Bookout worked on his master’s degree in engineering science and mechanics while working at NASA Marshall Spaceflight Center, but now finds himself on the cusp of retirement.

“I got to work with Dr. Bookout during a special integration with a full team of engineers from

Japan Aerospace Exploration Agency,” said Hawkins. “Interfacing with Japan’s space agency was really a dream come true. I think Tennessee has a special connection with Japan.”

The Japanese satellite at the heart of that project—OMOTENASHI, the Japanese word for hospitality—will make a controlled descent to the lunar surface, which would make Japan the fourth nation to successfully land on the Moon, following the US, the Soviet Union, and China. India and Israel have each had planned landings end in crashes in recent years, highlighting the difficulty of the task.

The lander would provide valuable data related to landing maneuvers, as well as radiation measurements, helping pave the way for future missions.

During his time on campus, Hawkins was a driving force in several activities including the launching of Tech CarniVol, a science and technology day of activities for Tickle College of Engineering students that ran alongside Engineers Day, and working with UT’s Amateur Radio Club to earn selection for a chance to try to contact the International Space Station as it passed overhead.

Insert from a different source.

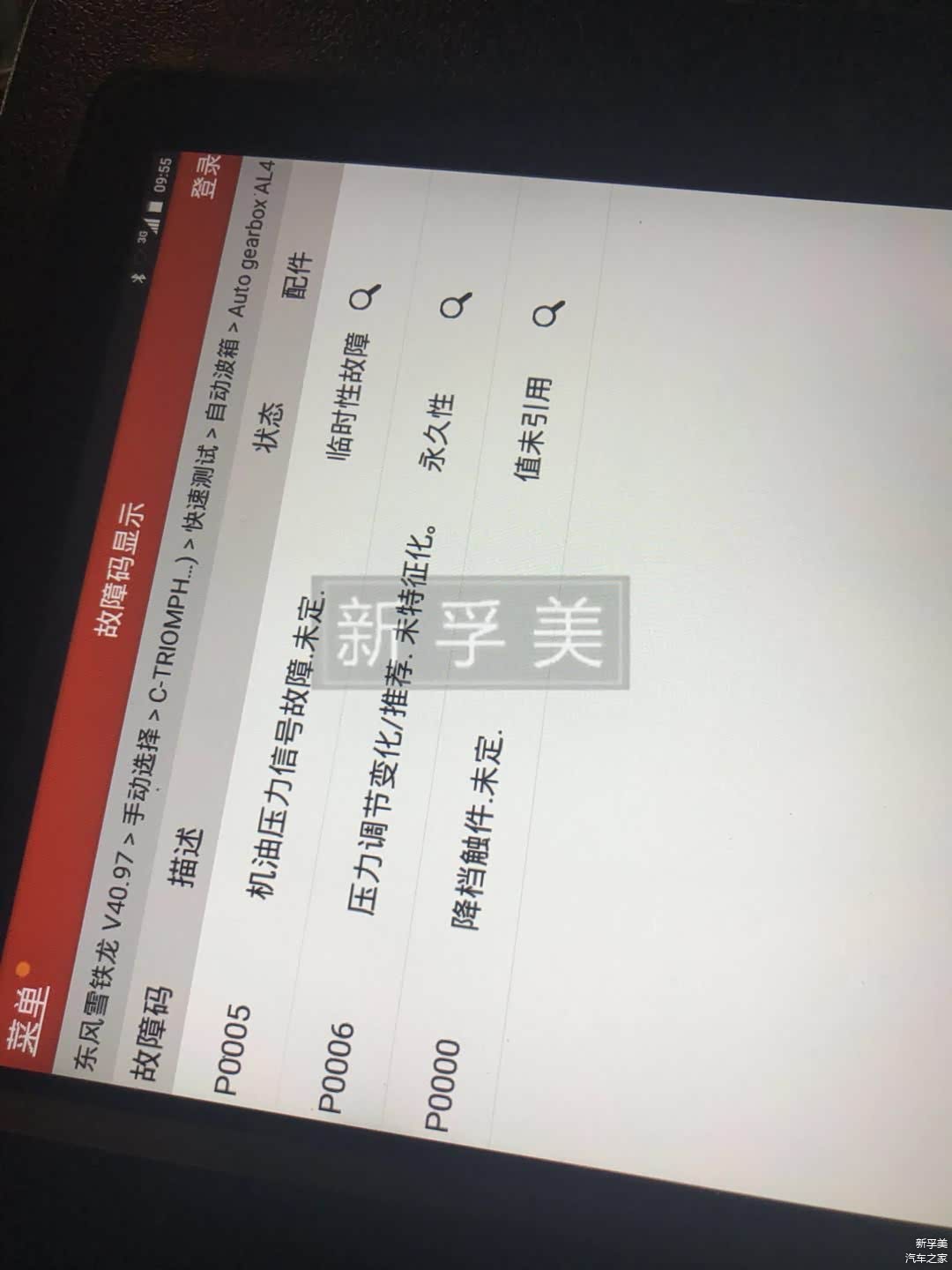 来看一下这个案例,09年的一款雪铁龙凯旋,2.0排量,行车里程19万公里,车主只记得好几年前换过一次变速箱油,这几年都没换过。目前行驶中2升3档有顿挫,偶尔也有起步挂挡不走车,报故障码:
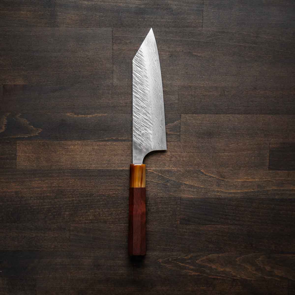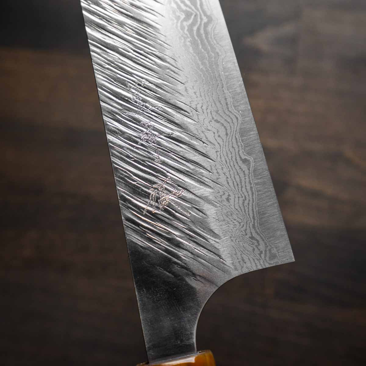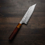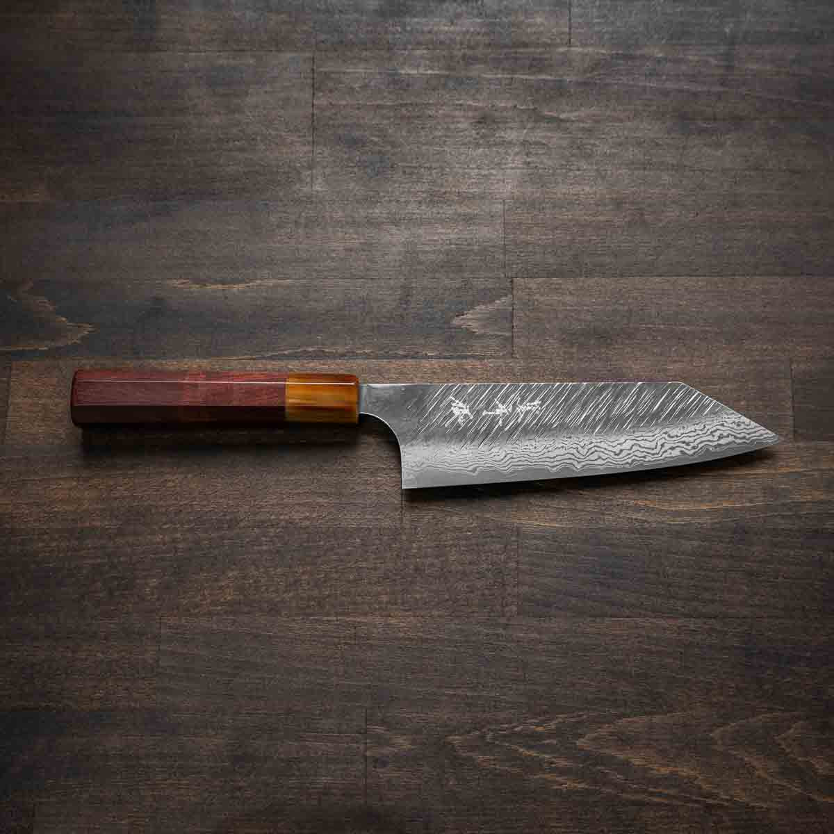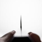 His knives are instantly recognizable for their striking Tsuchime and Suminagashi finishes, thin grinds, and use of high-performance steels such as SG2, HAP40, and stainless-clad Blue Super. Kurosaki’s Fujin series, with its dramatic wind-patterned hammer finish, helped cement his reputation as a blacksmith who blends artistry and technical brilliance in equal measure.

Space has long been his passion, though, and one of the biggest impacts he made while at UT was helping found the Student Space Technology Association in 2015. Now more than six years later, it is still going strong with healthy support from students, faculty, staff, and donors.

It’s a role Hawkins is rightly proud of playing, and one that he hopes continues to inspire students.

“I loved my time at UT and I am so grateful for the opportunities it afforded me,” he said. “When I was in school, I tried really hard to promote space to the college, and in just a couple of years I was able to work on some of the biggest programs at NASA. I want students to know that UT is represented here at the edge of science and exploration, and that they can be a part of it.”

If you are a student interested in working in space-related fields, your odds are good of finding those opportunities, according to Hawkins.

“You have to be building things constantly,” he said. “The administration was a huge supporter of extracurricular engineering and funding was always available when we needed it.”

He also encourages students to reach out to him via his email or on the department’s LinkedIn page if they are interested in finding an aerospace-based career, while also highly recommending Tyvak to current students.

Just another sign that, for UT graduates, the possibilities are as endless as space itself.